* [Information shown]
= = =
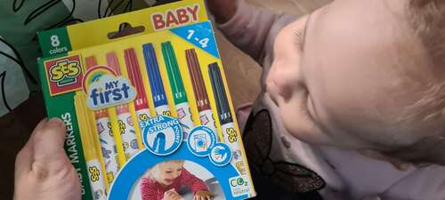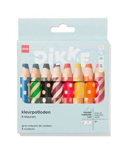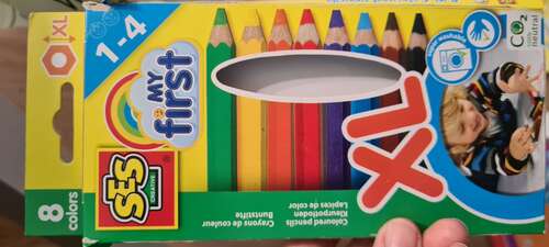 Ik gebruik de dikkere potloden maar ook de kleinere potloden dus niet de normale lengte. Deze zaten toevallig op een knutselmapje van Nijntje. Ook heeft ze waskrijtjes in die lengte. Ik doe het al sinds 11-12 maanden. Ze begreep het eerst natuurlijk niet maar nu inmiddels 2 maanden wel.
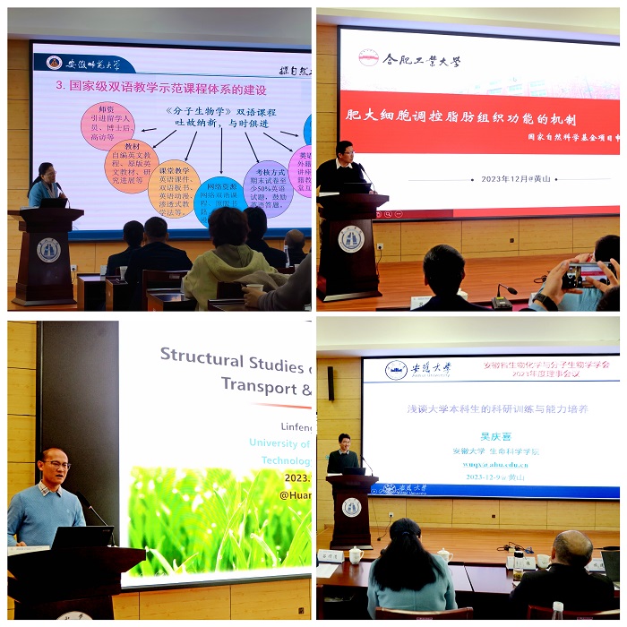 在完成了安徽省生物化学与分子生物学学会2023年度工作报告、2024年工作计划和理事增选等重要事项的讨论和审议后进行了黄山学院教学科研经验交流专项会议。安徽师范大学朱国萍教授分享了国家级一流课程《分子生物学》建设经验,合肥工业大学刘健教授分享了国家级科研项目申请经验,中国科学技术大学孙林峰教授分享了科研前沿攻关经验,安徽大学吴庆喜教授分享了本科生科研能力培养经验。交流领域涵盖了课程建设、科研项目和人才培养,报告内容精彩纷呈,受到了与会者一致好评。
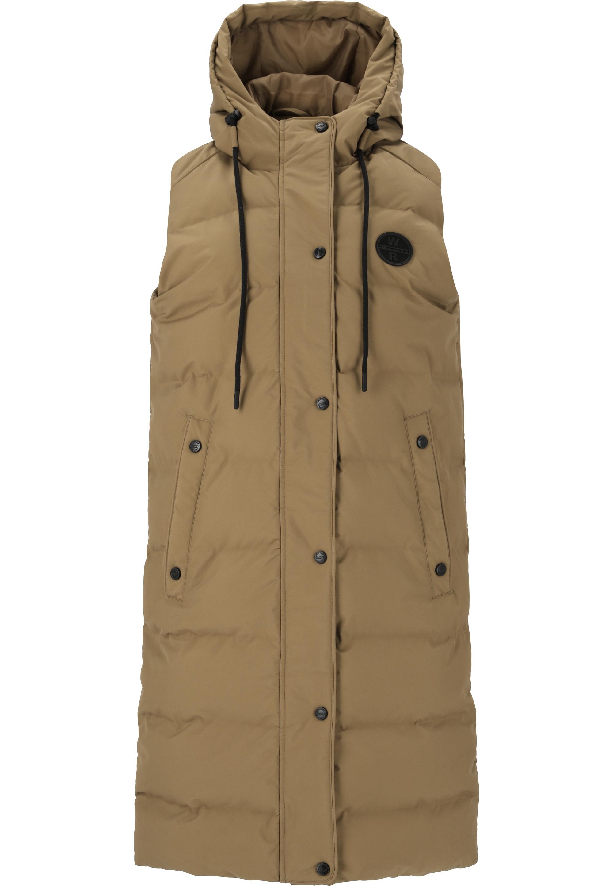 Nicht nur Steppjacken sind diesen Herbst und Winter super angesagt, auch Steppwesten haben ihren großen Auftritt – so, wie dieses klassische Modell von WEATHER REPORT für Damen. Es ist ideal für kalte Tage geeignet, denn dank des langen Schnitts hält es nicht nur den Oberkörper, sondern auch die Oberschenkel angenehm warm. Ein weicher Stehkragen reicht bis unter das Kinn, während sich die praktische Kapuze dank eines Kordelzugs perfekt an den Kopf anpassen lässt – so hat nass-kaltes Wetter keine Chance. Die atmungsaktive Steppweste besitzt einen klassischen Reißverschluss auf der Front und schließt zusätzlich über eine Knopfleiste – beides hält die Wärme optimal am Körper und sorgt für einen molligen Tragekomfort. Bei etwas wärmeren Temperaturen kann das Modell super draußen getragen werden, bei Minusgraden ist es drinnen ein gemütlicher Begleiter, in den man sich einfach nur einkuscheln möchte.
= = =
* [Your instructions]
Only the lines from the first line of the listing above through the line with "在完成了安徽省生物化学与分子" should be set down, exactly and without pictures.

* [Exercise solution]
 Ik gebruik de dikkere potloden maar ook de kleinere potloden dus niet de normale lengte. Deze zaten toevallig op een knutselmapje van Nijntje. Ook heeft ze waskrijtjes in die lengte. Ik doe het al sinds 11-12 maanden. Ze begreep het eerst natuurlijk niet maar nu inmiddels 2 maanden wel.
 在完成了安徽省生物化学与分子生物学学会2023年度工作报告、2024年工作计划和理事增选等重要事项的讨论和审议后进行了黄山学院教学科研经验交流专项会议。安徽师范大学朱国萍教授分享了国家级一流课程《分子生物学》建设经验,合肥工业大学刘健教授分享了国家级科研项目申请经验,中国科学技术大学孙林峰教授分享了科研前沿攻关经验,安徽大学吴庆喜教授分享了本科生科研能力培养经验。交流领域涵盖了课程建设、科研项目和人才培养,报告内容精彩纷呈,受到了与会者一致好评。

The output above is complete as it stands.